▶ _Data provided_:
Segment Open

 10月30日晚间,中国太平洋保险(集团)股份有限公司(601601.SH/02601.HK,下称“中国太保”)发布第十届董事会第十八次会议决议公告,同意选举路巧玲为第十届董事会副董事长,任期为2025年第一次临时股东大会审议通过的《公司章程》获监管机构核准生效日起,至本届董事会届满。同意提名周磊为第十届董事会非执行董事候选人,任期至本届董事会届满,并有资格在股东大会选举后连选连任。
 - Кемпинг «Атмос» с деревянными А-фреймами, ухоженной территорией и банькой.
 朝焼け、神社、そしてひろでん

Segment Closed
Segment Open

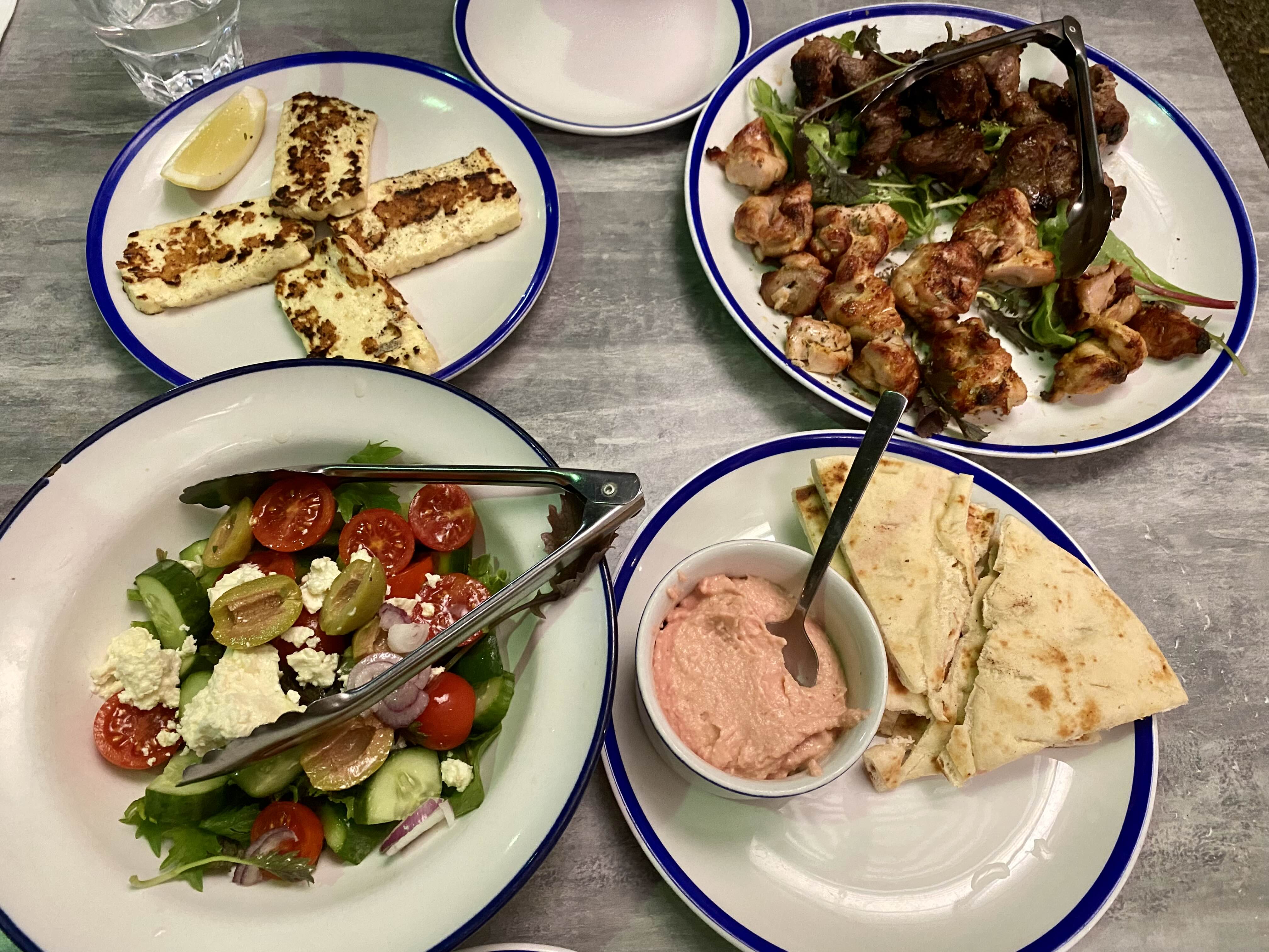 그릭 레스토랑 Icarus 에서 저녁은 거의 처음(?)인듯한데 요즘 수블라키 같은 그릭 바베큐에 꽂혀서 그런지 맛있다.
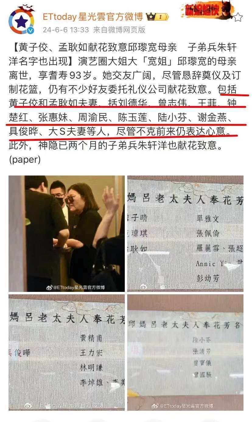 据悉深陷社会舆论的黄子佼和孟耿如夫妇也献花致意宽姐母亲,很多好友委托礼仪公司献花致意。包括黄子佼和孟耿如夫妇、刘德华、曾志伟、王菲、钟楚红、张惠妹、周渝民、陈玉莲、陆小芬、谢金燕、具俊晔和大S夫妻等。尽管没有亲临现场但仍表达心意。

Segment Closed

▶ _Work instruction_: Return, exactly as they stand, the lines above from the one with "그릭 레스토랑 Icarus" to the one with "据悉深陷社会舆论的黄子佼和孟", omitting any pictures among them.

▶ _Result of the task_:
 그릭 레스토랑 Icarus 에서 저녁은 거의 처음(?)인듯한데 요즘 수블라키 같은 그릭 바베큐에 꽂혀서 그런지 맛있다.
 据悉深陷社会舆论的黄子佼和孟耿如夫妇也献花致意宽姐母亲,很多好友委托礼仪公司献花致意。包括黄子佼和孟耿如夫妇、刘德华、曾志伟、王菲、钟楚红、张惠妹、周渝民、陈玉莲、陆小芬、谢金燕、具俊晔和大S夫妻等。尽管没有亲临现场但仍表达心意。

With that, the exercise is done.